After having it’s licence revoked earlier this year, London’s iconic fabric nightclub is in “advanced discussions” with Islington council and the London Met in a deal which could see it reopen its doors, according to the Islington Tribune.
The venue lost its licence following the drug-related deaths of two clubbers in June and August, a decision which was met with strong opposition, including London Mayor Sadiq Khan, a 160,000 signature petition and the #saveourculture campaign to fund the venue’s legal fight has raised £320,000.
Fabric had planned to appeal the decision in Highbury Magistrates Court at the end of the month, but these discussions signal an intent to come to an out-of-court agreement. The Islington Tribune goes on to report that a deal could be reached as early as next week if those leading the negotiations can get a judge at Highbury Corner Magistrates’ Court to rubber-stamp the agreement.
Fabric have submitted a document detailing their safety measures, as well as suggesting 32 new licence conditions which would mean the club would operate “to a gold standard” should it re-open.

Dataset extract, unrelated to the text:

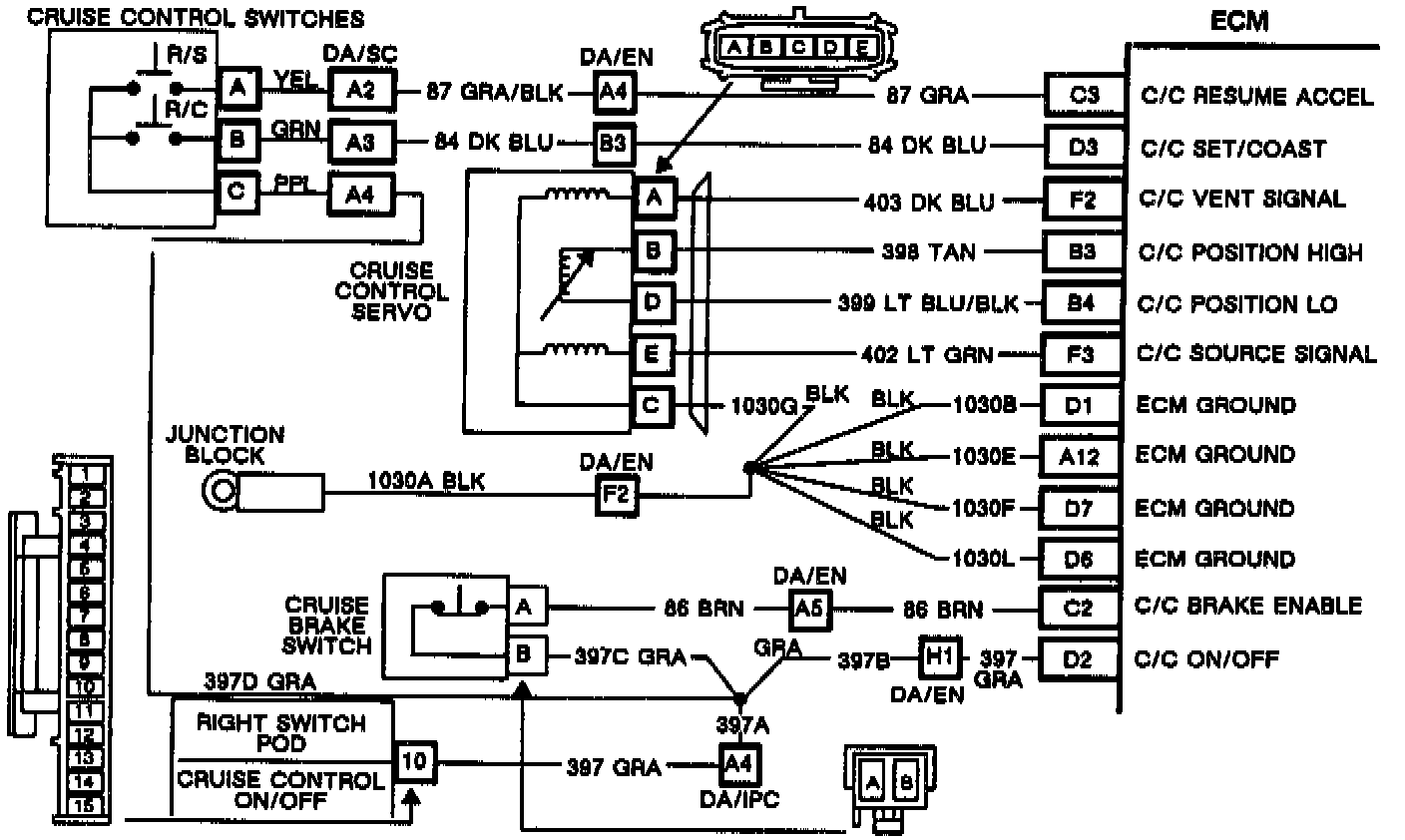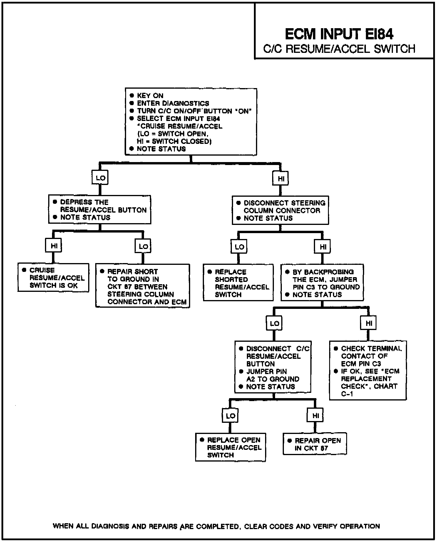 DESCRIPTION The resume/accel switch is a normally open switch that supplies 12 volts to the ECM when pushed. ECM input EI84 is "LO" with the button not pushed and "HI" with the button depressed.
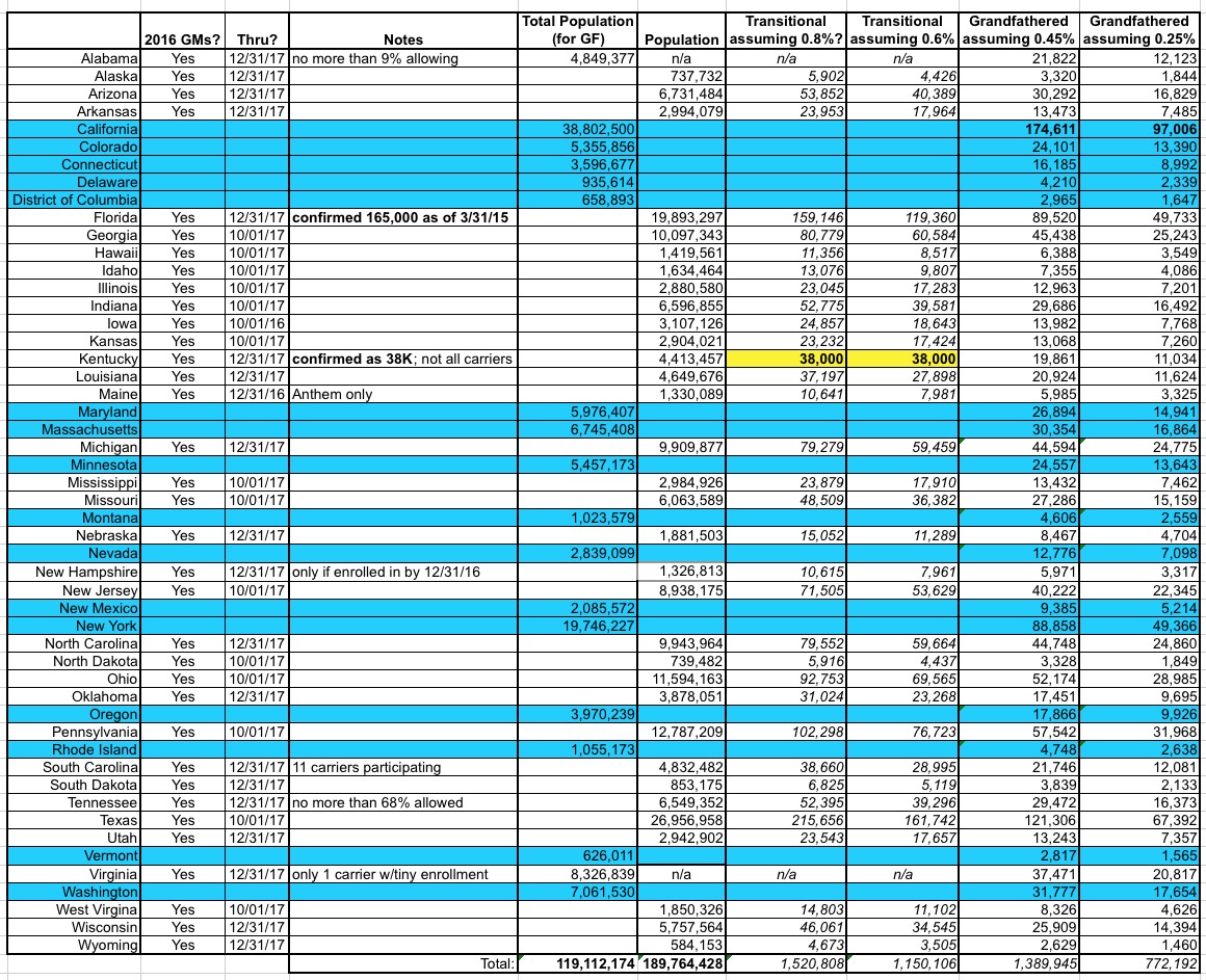 Based on these numbers, I've extrapolated out to estimate perhaps 1.1 - 1.6 million grandmothered (transitional) enrollees and 800K - 1.4 million grandfathered enrollees nationally.

It’s not exactly clear what these conditions would involve, as anyone who has visited the venue recently will attest, Fabric already ran some of the tightest security measures in the capital.
Still, given the last few months have been an unrelenting slurry of bad news, Fabric’s possible return represents a tiny glimmer of hope. It could even potentially set a precedent for other venues facing similar threats of closure. Maybe some aspect of London’s nightlife could be salvaged from the abyss, even saved. Fingers crossed.